**Provided material**
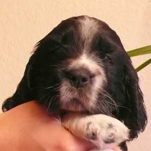 Vier Tage ohne Eintrag bedeuten diesmal nicht, dass von Katastrophen zu berichten ist. Zur Beruhigung aller: die Welpen sind weiterhin quietschfidel aber die Züchterin ging in der vergangenen Woche auf dem Zahnfleisch. Arbeit (auch wenn es nur Teilzeit ist), vier erwachsene Springer, die Babies, der Haushalt und Welpeninteressenten haben mich ganz schön auf Trab gehalten. An dieser Stelle einen Dank an meine zweibeinigen Helfer, ab jetzt habe ICH anstatt 18- 24 Stunden Welpendienst! Obwohl, derzeit sind 24 Stunden eine grobe Übertreibung mindestens 20 der 24 Stunden verschlafen die C-chen noch. Die Wachphasen sind zwar schon deutlich länger als in der Vegetativen- und Übergangsphase, und auch schon mit viel mehr Geschehen gefüllt, aber trotzdem verschlafen die Babies noch den größten Teil des Tages. Zum Geschehen in Wurfkiste und Auslauf: Hündin 7 und Rüde 3 konnte ich jeweils schon beim Spiel mit dem Ziehknoten beobachten, ansonsten spielen die C-chen sehr interessante Spiele miteinander. Sie üben sich in hundlicher Kommunikation, mit allem was dazu gehört, Kläffen, Knurren, Jaulen, Winseln (derzeit noch in einem erträglichen Rahmen) und Körpersprache d.h. Wedeln, Pföteln, Schnauzenstoß, Rute aufstellen, Imponieren, Beschwichtigen etc. Das Laufen selbst auf den Fliesen klappt bei allen schon recht gut, aber die Babies nutzen bisher noch nicht den gesamten Auslauf, sondern zum größten Teil nur den Quadratmeter direkt vor der Wurfkiste. Das wird sich sicherlich im Laufe der nächsten Woche ändern, der ein oder andere klopft ja auch schon an die Auslauftür. Ein Beweisfoto dafür gibt es in der zweiten C-chen Galerie von Herrn Höfling. Die dort gezeigten Fotos sind vom gestrigen Besuch von Penny und ihren Zweibeinern bei uns. Penny war gestern nicht der einzige Springerbesuch bei den Babies. Auch Barnie (der Vater der Welpen) und seine Besitzer warfen einen zufriedenen Blick auf den Nachwuchs. |
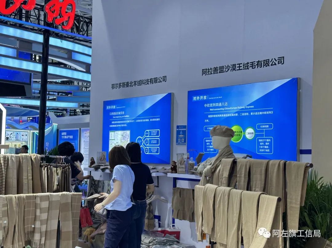 2023年9月21日,为期4天的第六届中国—阿拉伯国家博览会在宁夏银川开幕。本届中阿博览会以“携手新时代、抢抓新机遇、共享新未来”为主题,阿左旗工信局组织辖内阿拉善盟沙漠王绒毛有限公司和内蒙古沙漠驼妈妈实业有限公司两家企业参与了此次盛会。
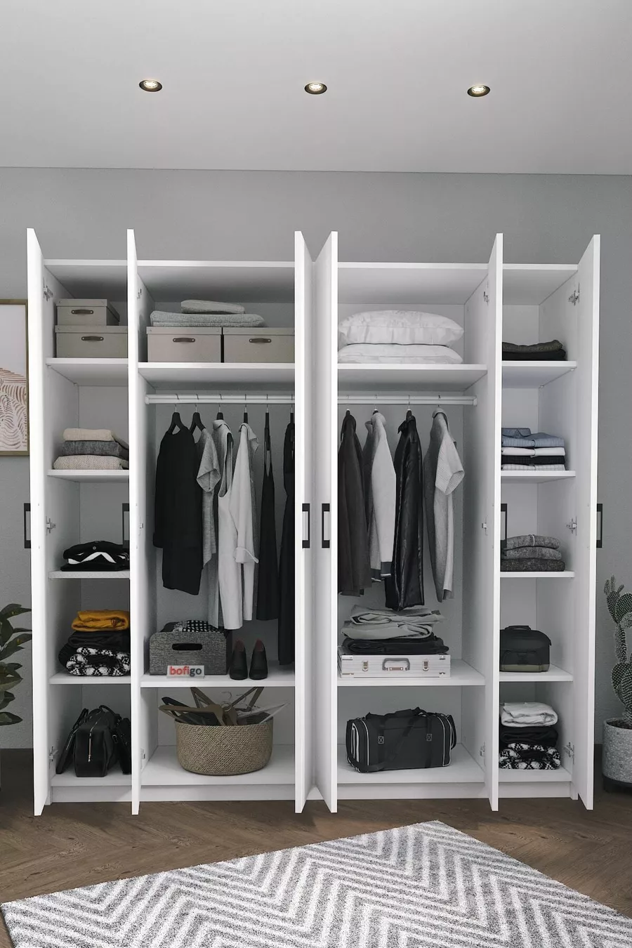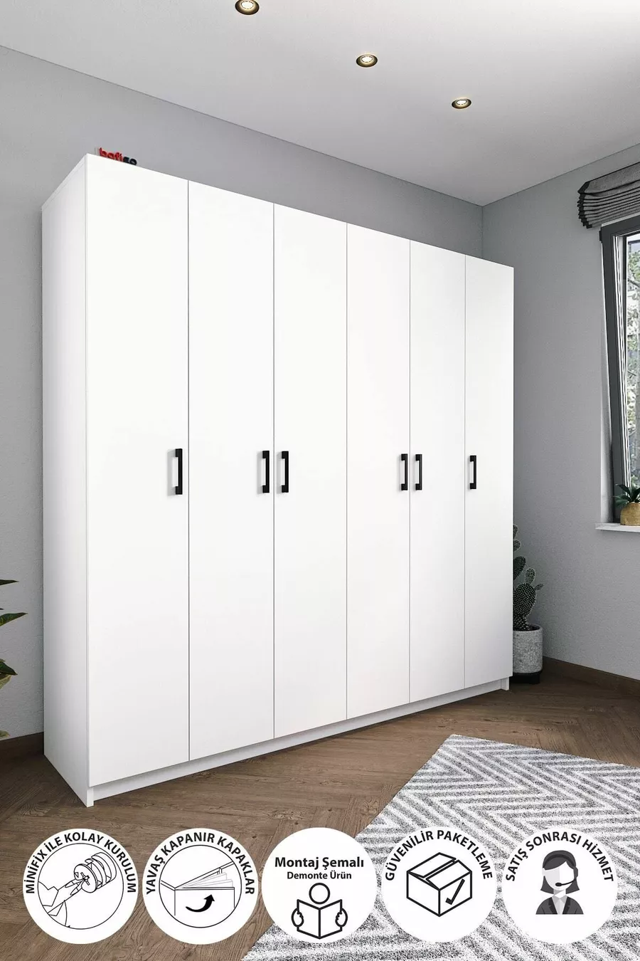 6 Kapaklı Raflı Gardırop Elbise Dolabı 6 Kapaklı Gardırop Beyaz
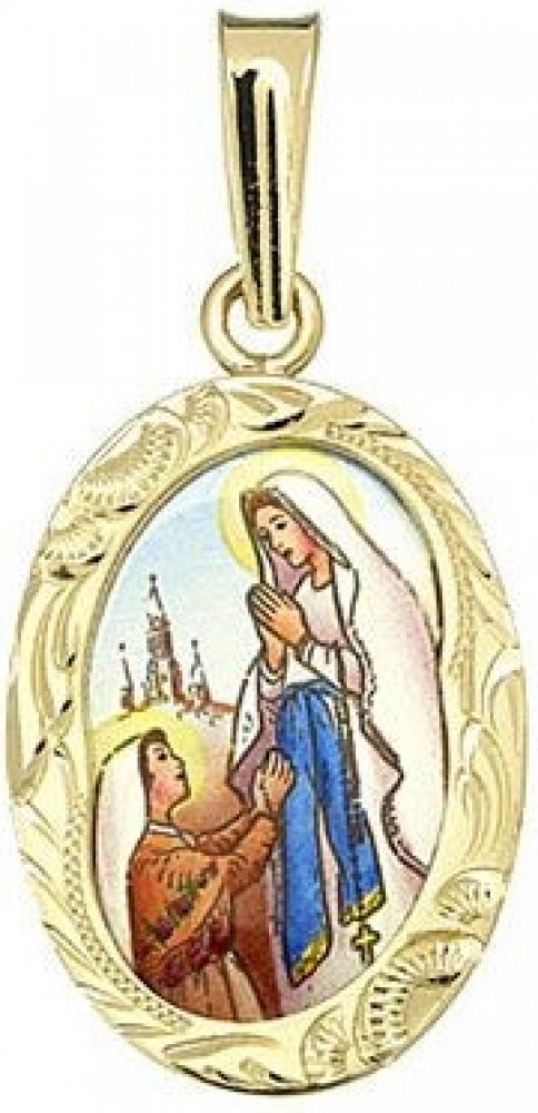 Medailon Sv. Bernadety Lurdské, patronky pastýřů a pomocnice nemocných. Jejími atributy jsou: růženec a Panna Maria v lurdské jeskyni. Připomínku Svaté Bernadety slavíme 16. dubna. Ručně malováno. Malba je do smaltu vpálena při 700°C, povrch je lesklý a zadní straně vévodí zdobný nápis “Svatá Maria matko Boží oroduj za nás”. Vše je zasazeno do 585/1000 zlatého, ručně opracovaného rámečku s puncem. Přívěšek obdržíte v dárkové krabičce s certifikátem originality v osmi jazycích, včetně češtiny. Již zahrnuto v ceně.
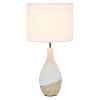 Simultaneously traditional and contemporary, this lovely 19" table lamp morphs into the perfect accent lamp for your home. A traditional shape with a light wooden pattern printed diagonally along the white ceramic base, you’ve found the ideal decorative light to add to your home. A white fabric drum shade completes the look your guests will love!

**Work instruction**
Retype the data above as given, letting no picture into the copy.

**Exercise output**
 Vier Tage ohne Eintrag bedeuten diesmal nicht, dass von Katastrophen zu berichten ist. Zur Beruhigung aller: die Welpen sind weiterhin quietschfidel aber die Züchterin ging in der vergangenen Woche auf dem Zahnfleisch. Arbeit (auch wenn es nur Teilzeit ist), vier erwachsene Springer, die Babies, der Haushalt und Welpeninteressenten haben mich ganz schön auf Trab gehalten. An dieser Stelle einen Dank an meine zweibeinigen Helfer, ab jetzt habe ICH anstatt 18- 24 Stunden Welpendienst! Obwohl, derzeit sind 24 Stunden eine grobe Übertreibung mindestens 20 der 24 Stunden verschlafen die C-chen noch. Die Wachphasen sind zwar schon deutlich länger als in der Vegetativen- und Übergangsphase, und auch schon mit viel mehr Geschehen gefüllt, aber trotzdem verschlafen die Babies noch den größten Teil des Tages. Zum Geschehen in Wurfkiste und Auslauf: Hündin 7 und Rüde 3 konnte ich jeweils schon beim Spiel mit dem Ziehknoten beobachten, ansonsten spielen die C-chen sehr interessante Spiele miteinander. Sie üben sich in hundlicher Kommunikation, mit allem was dazu gehört, Kläffen, Knurren, Jaulen, Winseln (derzeit noch in einem erträglichen Rahmen) und Körpersprache d.h. Wedeln, Pföteln, Schnauzenstoß, Rute aufstellen, Imponieren, Beschwichtigen etc. Das Laufen selbst auf den Fliesen klappt bei allen schon recht gut, aber die Babies nutzen bisher noch nicht den gesamten Auslauf, sondern zum größten Teil nur den Quadratmeter direkt vor der Wurfkiste. Das wird sich sicherlich im Laufe der nächsten Woche ändern, der ein oder andere klopft ja auch schon an die Auslauftür. Ein Beweisfoto dafür gibt es in der zweiten C-chen Galerie von Herrn Höfling. Die dort gezeigten Fotos sind vom gestrigen Besuch von Penny und ihren Zweibeinern bei uns. Penny war gestern nicht der einzige Springerbesuch bei den Babies. Auch Barnie (der Vater der Welpen) und seine Besitzer warfen einen zufriedenen Blick auf den Nachwuchs. |
 2023年9月21日,为期4天的第六届中国—阿拉伯国家博览会在宁夏银川开幕。本届中阿博览会以“携手新时代、抢抓新机遇、共享新未来”为主题,阿左旗工信局组织辖内阿拉善盟沙漠王绒毛有限公司和内蒙古沙漠驼妈妈实业有限公司两家企业参与了此次盛会。
 6 Kapaklı Raflı Gardırop Elbise Dolabı 6 Kapaklı Gardırop Beyaz
 Medailon Sv. Bernadety Lurdské, patronky pastýřů a pomocnice nemocných. Jejími atributy jsou: růženec a Panna Maria v lurdské jeskyni. Připomínku Svaté Bernadety slavíme 16. dubna. Ručně malováno. Malba je do smaltu vpálena při 700°C, povrch je lesklý a zadní straně vévodí zdobný nápis “Svatá Maria matko Boží oroduj za nás”. Vše je zasazeno do 585/1000 zlatého, ručně opracovaného rámečku s puncem. Přívěšek obdržíte v dárkové krabičce s certifikátem originality v osmi jazycích, včetně češtiny. Již zahrnuto v ceně.
 Simultaneously traditional and contemporary, this lovely 19" table lamp morphs into the perfect accent lamp for your home. A traditional shape with a light wooden pattern printed diagonally along the white ceramic base, you’ve found the ideal decorative light to add to your home. A white fabric drum shade completes the look your guests will love!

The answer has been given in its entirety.